It must have been around 2000 where I started reading David MacKay’s PhD thesis, which he already finished in 1992 with John Hopfield (yes, the John Hopfield) as his supervisor. Admitted, my first reading was rather chaotic given the complexity of the topic.
However, after some more readings, I got fascinated by the ideas presented in his work. More specifically, sir David MacKay advocated the use of Bayesian methods to set up the neural network architecture. He developed a 3-level inference framework to infer the weights and all other hyperparameters (e.g. regularization parameter and hidden neurons) of a neural network. I started playing with this using the trainbr (train with Bayesian regularization) routine in Matlab. My first experiments were very promising.
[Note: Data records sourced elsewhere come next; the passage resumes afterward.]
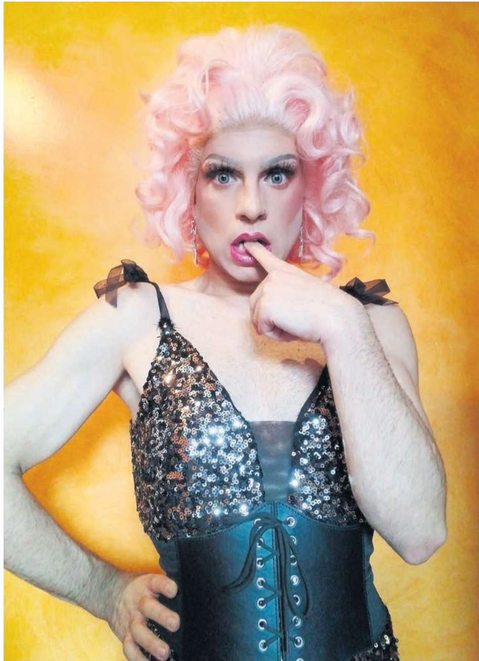
El Chico Diva.

Empecé muy suave. Una peluca por aquí, un poquito de pintalabios por allá... lo justo para salir con las amigas y que no me confundieran con una drag a medio cargar o un experimento de maquillaje de YouTube versión 2010. Poco a poco fui integrando cositas: delineas-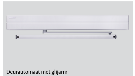
Deurautomaat met glijarm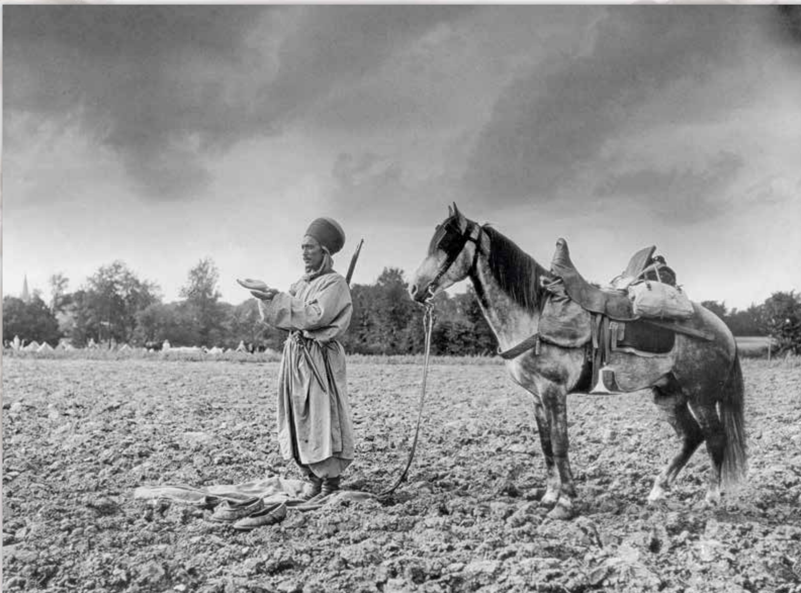
Prière d'un Spahi algérien en guenhour (la coiffe) et gandourah (la tenue) [Oise], photographie, 1916.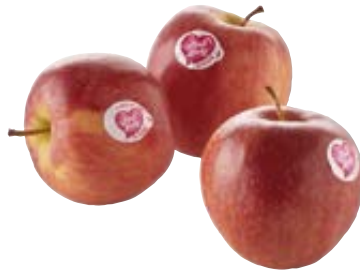
appel pink lady 58.010.25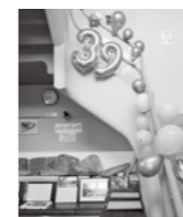
※昨年のぴっかり相模の様子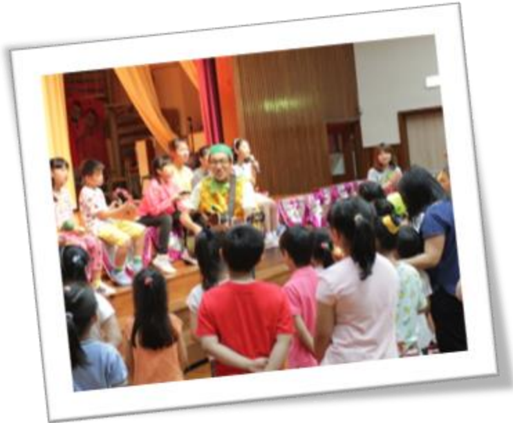
與麥 sir 合唱水果日主題曲

為了在校園及社區營造學生每天吃水果的環境和氣氛，並提升他們對水果營養價值之認識，學校於5月22日至6月2日定為「水果雙週」，於5月23日與家長合作在校推行「水果日」。「水果日」當天，學生穿了與水果有關的衣服回校，在小息時參與攤位遊戲和家長義工安排的水果試食，並在禮堂與老師一起高唱水果日主題曲。當天各人皆投入參與，令整所學校充滿濃厚的愉快氣氛。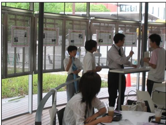
来場者にまずアンケート用紙を渡します。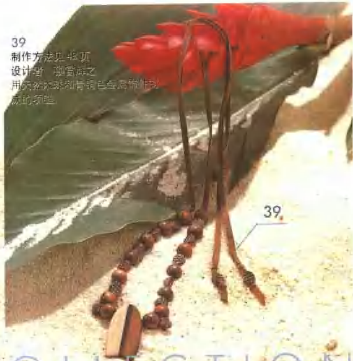
39 制作方法见 48 页 设计者 柳官海之 用天然木珠和青绿色贝壳制成的项链。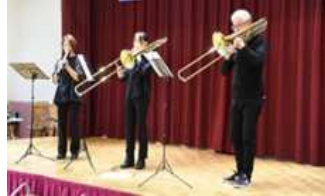
NWE トロンボーンアンサンブル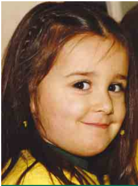
Externato Delfim Ferreira, 13-12-2002

Em cada edição do BOLETIM MUNICIPAL vamos mostrar rostos de Famalicense captados nos diversos momentos da vida pública do Município. Indicamos ainda a data e o lugar em que a fotografia foi registada. Cada rosto é um bocadinho da identidade de Vila Nova de Famalicão. São crianças, jovens e adultos. Todos juntos fazem o concelho que somos. Um grande concelho.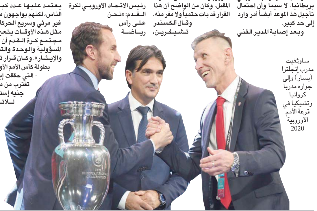
ساوثغيت مدرب إنجلترا (يسار) وإلى جواره مدربا كرواتيا وتشيكيا في قرعة الأمم الأوروبية 2020

وعندما تم الإعلان عن إصابة لاعب تشيلسي كالوم هودسون أودي بفيروس كوروننا، أعلن الاتحاد الأوروبي لكرة القدم الفور عن تأجيل جميع مباريات دوري أبطال أوروبا والدوري الأوروبي. وبعد مؤتمر فيديو طارئ ضم مسؤولين من الاتحاد الأوروبي لكرة القدم وممثلي جميع الاتحاد الوطنية في أوروبا والبالغ عددها 55 اتحاداً، تم الإعلان عن تأجيل كأس الأمم الأوروبية 2020 حتى الصيف المقبل. وكان من الواضح أن هذا القرار قد بات حتمياً ولا مفر منه. وقال الكسندر تشيفيرين،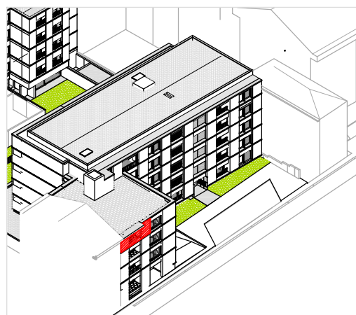
Alçado Principal (Poente)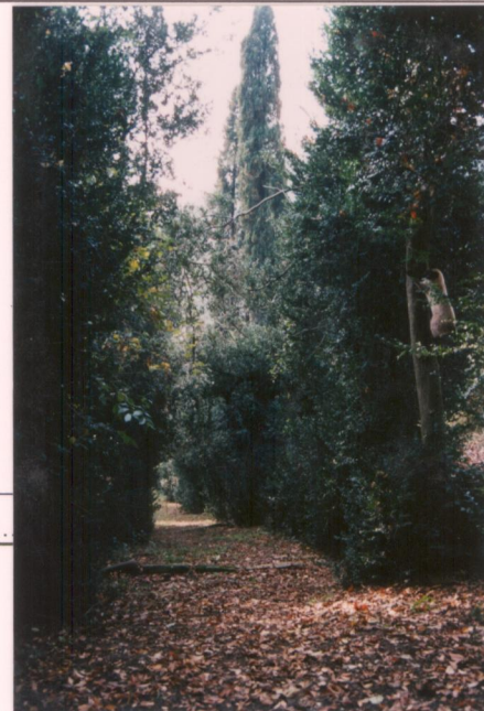
p.v. N. 11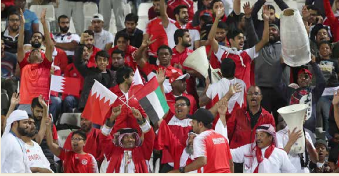
ال جماهير وجدت سهولة في التنقل بين المدن الإماراتية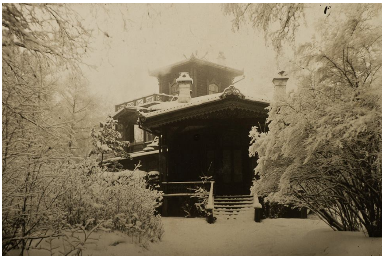
Рис. 5. Сукачевская роща Fig. 5. The Sukachev's Grove

Через неделю на первом этаже поселилась жена генерала Никитина, воюющего на фронте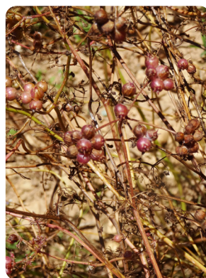
Les graines commencent à prendre une couleur violette, c'est le début de la maturation des graines.

Il est possible de pré-nettoyer les lots produits en utilisant un pré-nettoyeur équipé d'une grille supérieure à perforations rondes de 6,5 mm de diamètre, et d'une grille inférieure aux perforations oblongues de 1 à 1,2 mm de large.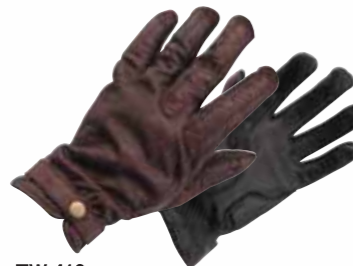
TW-412 ウィンターレザーグローブ

MATERIAL/■表地:レザーノヴァ 平側:レザーノヴァ ■裏地:アクリルポア 平側:ウレタントリコット ■ライ ナー:アクリルポア <数量限定生産>在庫なくなり次第、販売を終了させていただきます。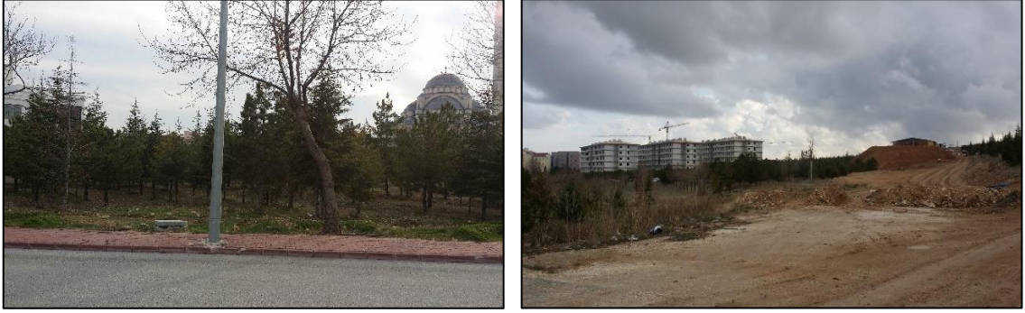
Şekil 2. Kampüste devam eden inşaatlar, bakımsız ve köhne yerler (Orijinal, 2018)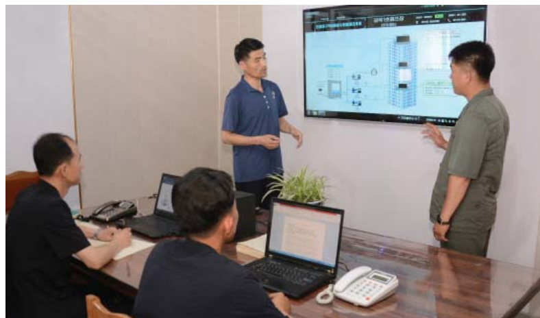
На совещании обсуждают вопрос о создании интегрированной системы управления питьевой водой.

Среди них находятся и работники Мангендэского районного народного комитета города Пхеньяна.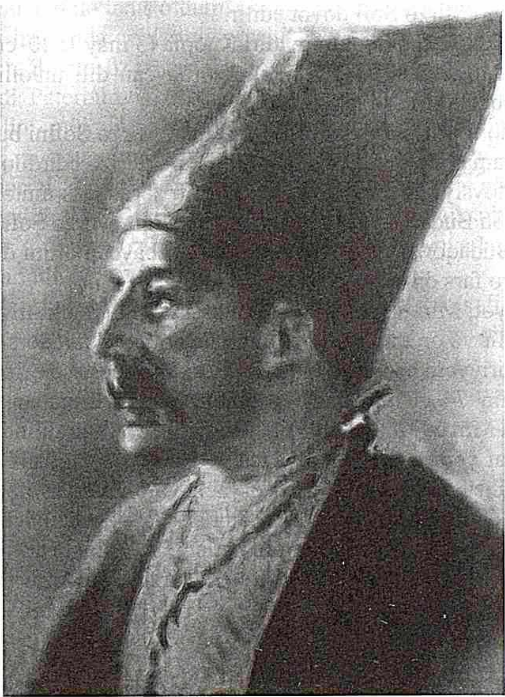
Mirzə Şəfi Vazeh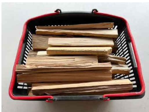
薪 (食材の準備ができてから火をつける)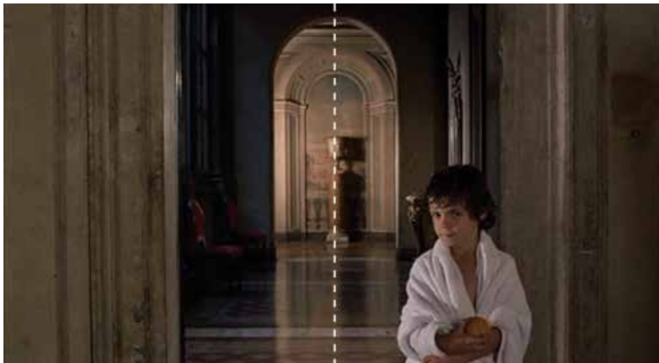
Figura 18: minuto 57:13

Sorpresa y misterio. La agresividad de las puertas cerradas. Más un símbolo.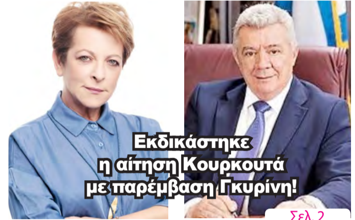
Εκδικάστηκε η αίτηση Κουρκουτά με παρέμβαση Γκυρίνη!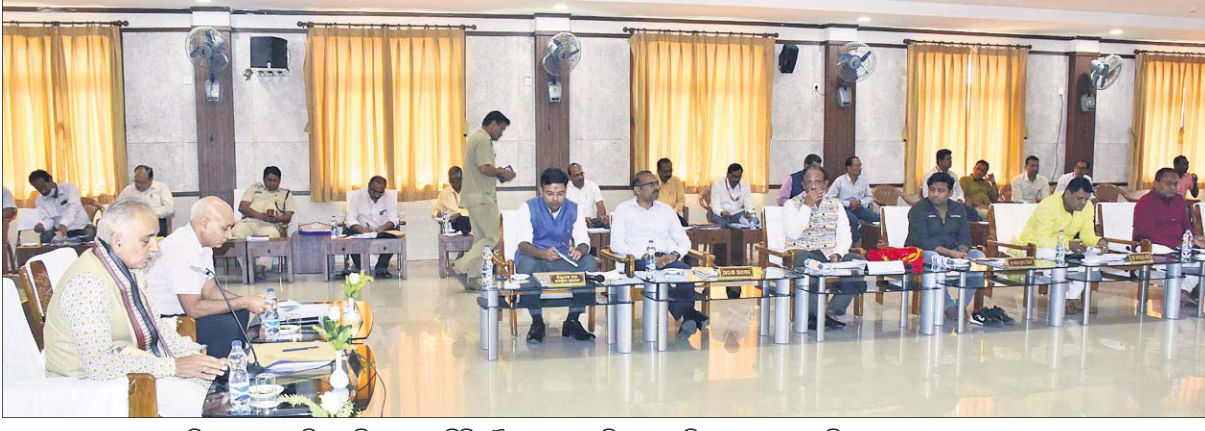
ପୁରୀ ଭଦ୍ରନିବାସରେ ଅନୁଷ୍ଠିତ ପରିଚାଳନା କମିଟି ବୈଠକରେ ଉପସ୍ଥିତ ଗଜପତି ମହାରାଜ, ଶ୍ରୀମନ୍ଦିର ପୁଞ୍ଜ ପ୍ରଶାସକ ଓ ଅନ୍ୟମାନେ।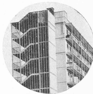
Fig. 2. — van Tijen et Maaskant : immeuble Bergpolder, à Rotterdam.

surface, effleurant cent sujets sans les aborder. Il a volontairement borné son choix pour donner une image en profondeur.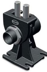
PIED D'ASSISE TYPE B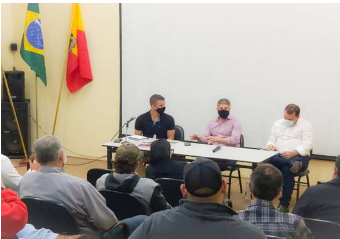
Prefeito ressaltou ainda que muitas pessoas não conhecem os pontos históricos e de lazer de Mogi Guaçu

Primeira de uma série de encontros contou com a presença de secretários municipais e representantes da iniciativa privada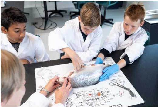
Undervisning ved Storeblå, Norges Fiskerimuseum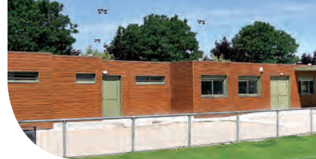
Réalisation Société Yves Cougnaud Silverwood Natur - Fauve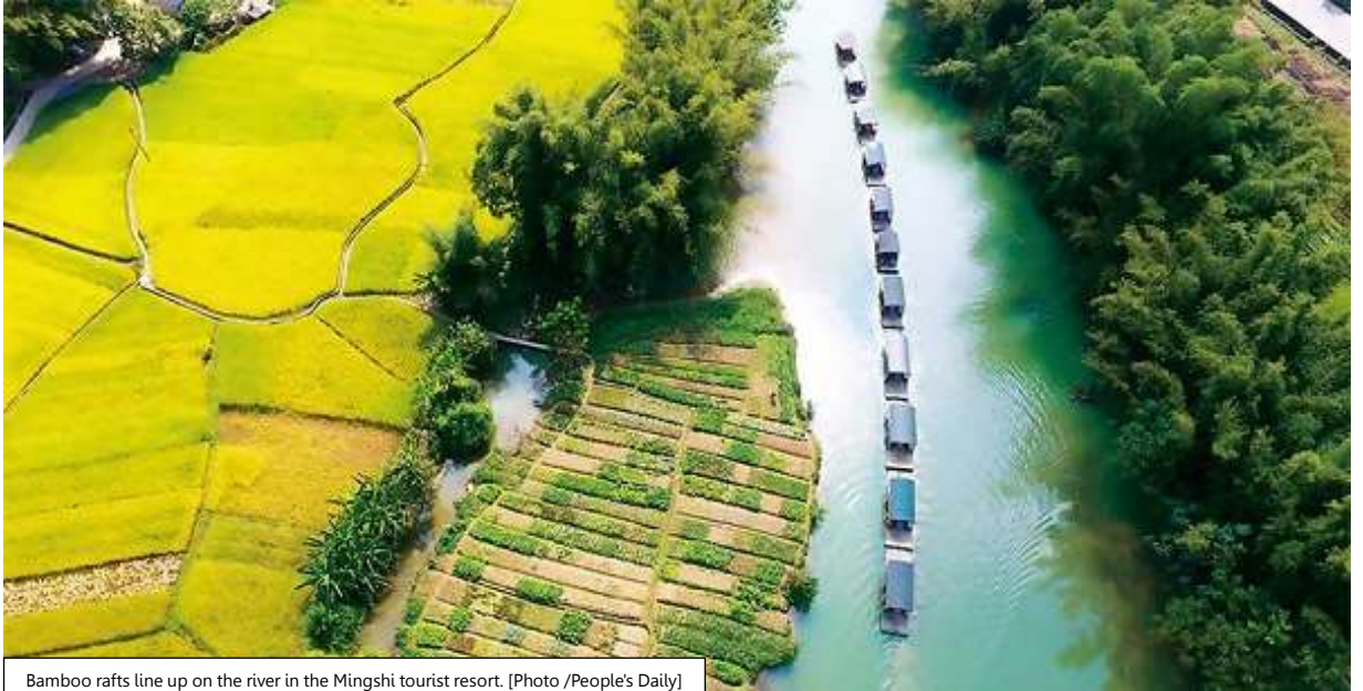
Bamboo rafts line up on the river in the Mingshi tourist resort.

แม่น้ำหมิงซือ Mingshi มีต้นกำเนิดในเวียดนาม และไหลจาก Niandoutun เข้าสู่ประเทศจีน ซึ่งไหลไปทางตะวันออกเฉียงใต้ Jingtang, Mingshi, Kanwei, Lushan, Houyi ฯลฯ ในที่สุดแม่น้ำหมิงซือก็นำมาบรรจบกับแม่น้ำเฮยสุ่ย มีความยาวทั้งสิ้น 44.13 กิโลเมตร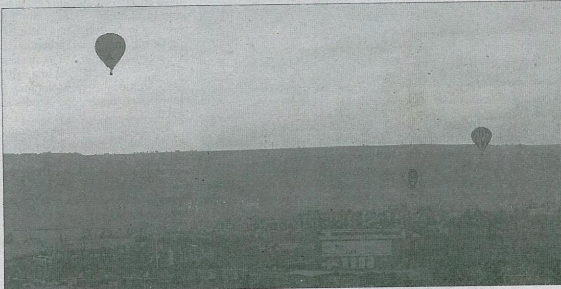
Varios globos surcaron el cielo de la ciudad en VII Open de Valladolid. Trofeo Diego Criado del Rey.

Este evento deportivo es uno de los más destacados de la ciudad en los últimos años en las Ferias y Fiestas de la Virgen de San Lorenzo y cada vez tiene una mejor acogida entre el público, por lo que el número de espectadores que se acercan a la explanada de la carretera del Cabildo es mayor cada edición.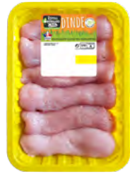
ESCALOPE DE DINDE 720G

EAN13 : 3276280088824 GENCOD : - / CODE : 26020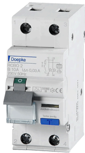
imagen del producto simbólica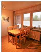
... gemütlicher Essecke bietet reichlich Platz für 4 Personen.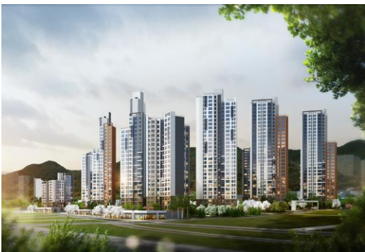
※ 상기 CG 이미지는 소비자의 이해를 돕기 위한 이미지 컷으로 실제와 다를 수 있습니다.

※ 청약 신청 시 내용은 청약자 본인에게 모든 책임이 있으므로, 청약 신청 전 반드시 상세 입주자모집공고의 내용을 숙지하시고 청약하시기 바랍니다.

The method allowed to easily determine the hyperparameters of the neural net, without requiring much empirical tuning. Furthermore, in one of the extensions of his work, he presented ARD (Automatic Relevance Determination). The idea was to add separate regularization terms to the objective function of the neural network, one for each input. He then went on to tune the hyperparameters in a Bayesian way (again using the 3-level framework), whereby the latter could, after optimization, then be interpreted as the relevance of each of the inputs (similar to p-values in a regression), hence the name automatic relevance determination (ARD).
I used this in a first paper for retention modeling see Bayesian neural network learning for repeat purchase modelling in direct marketing. The ideas of his work were latter extended to (least-squares) support vector machines by my colleague dr. Tony Van Gestel (see Financial time series prediction using least squares support vector machines within the evidence framework). With the renewed interest in neural networks in the context of deep learning, I think his ideas are now more relevant than ever before! Later on, sir David MacKay turned his research interest to societal problems and provided key research contributions to Climate change and policy. In September 2015, he was awarded the 2016 Breakthrough Paradigm Award “in recognition of his excellence in energy and climate change analyses.” I have never had the pleasure to meet him personally, but did exchange some emails with him. I was amazed that despite being a PhD student at that time, he each time spent time in answering my questions in a detailed way.
He will be greatly missed but his research legacy will remain.